Lando is slipping into the void of things he can’t let himself think about. Every little memory sends parallel shocks of joy and nausea through him. He wants to hold onto those golden early moments, cherish them, but he thinks he might be poisoning them: their first kiss, their first I love you, the time they ███████ ████████████████ ████ █████████ ██████.
⁂
He supposes he’s lucky to be racing at a time when sports psychology and mental training are no longer hushed, dirty words, the domain of weak, broken drivers who have cracked under pressure. Still, the team sent him to this doctor to get performance. They’re only paying the bill as long as it takes milliseconds off his lap times.
“So why are you here today?” the doctor asks, smiling gently. A block of ice forms in his stomach. It would be so much easier if this were just another stop on the driver assembly line, a standardized die-cutter that would indiscriminately trim off his unwanted, ragged edges.
The office is smaller than the ones he’s seen in movies. If he opens his mouth it’s all going to come pouring out, filling up the room, drowning them both. Can’t she just talk at him and fix him that way? He’s a good learner, it wouldn’t be that hard.
Carlos stares at the worn Persian carpet on the floor. The doctor seems more than happy to wait.
He’s done scarier things than this. He’s driven a rally car at max speed over loose gravel, whipped it around in the sheer faith that the back end will bite in enough to stop him tumbling down the side of the mountain. He’s risked his career on a stupid crush. How dangerous could a few words be in comparison?

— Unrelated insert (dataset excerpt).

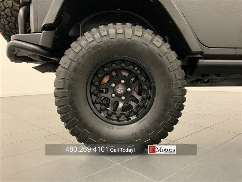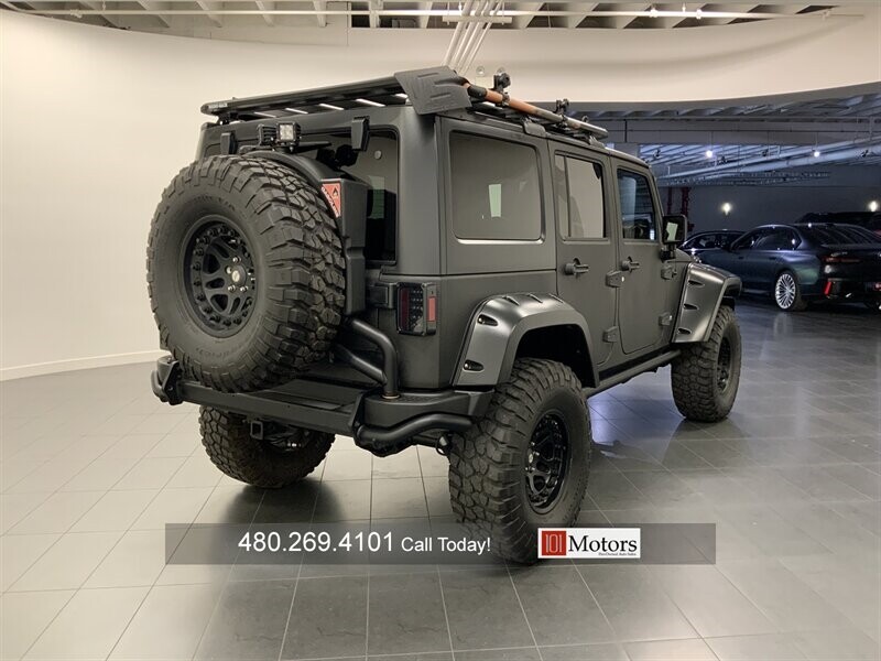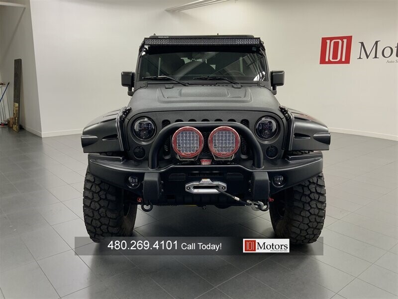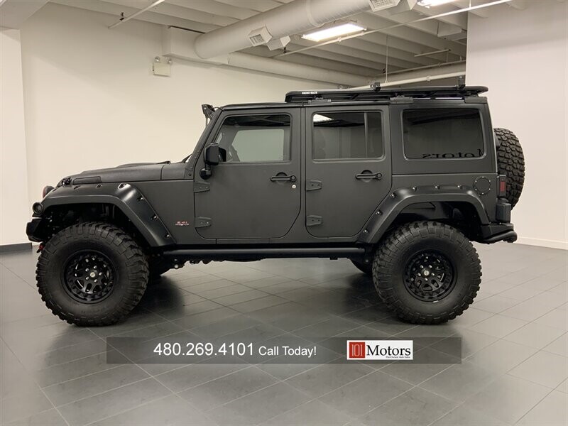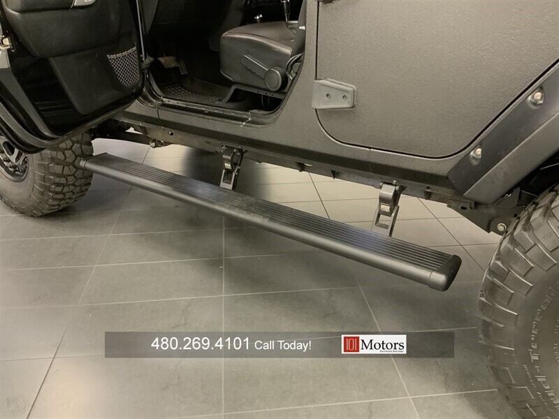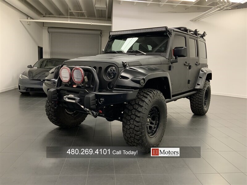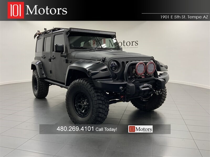 101 Motors is proud to present this stunning 2014 Jeep Wrangler Unlimited Rubicon finished with a black Line-X exterior coating. This JK was built by RubiTrux in Boone, NC and is powered by a 6.4L HEMI V8. Lifted with an 4.5 inch AEV suspension system sitting on 17 inch Hutchinson bead lock wheels wrapped in 37 inch BFG KM2 tires. This Wrangler features AEV front and rear bumpers, AMP power steps, TeraFlex big brake kit, Bushwacker fender flares, Warn winch, ARB and Rigid LED lighting, Rhino Rack roof rack, Katzkin leather interior and much more. You don’t want to miss this incredible opportunity, call today!!

“I, um, I have weird thoughts sometimes. And I can’t stop them. It’s been very distracting.” Now that doesn’t sound so bad does it? Plenty of people have anxiety. They just meditate or take a pill or something and they can get back to work. He can be one of those people. Normality can be a few concrete steps away. He pictures Lando, beaming at him from across the pillows, his hair a mess. He imagines what freedom would feel like, and he thinks it would be kissing Lando like he’s always wanted to: without feeling like a liar.
“Weird how?”
Carlos steels himself with a deep breath and turns to face the black mass that hangs over his shoulder.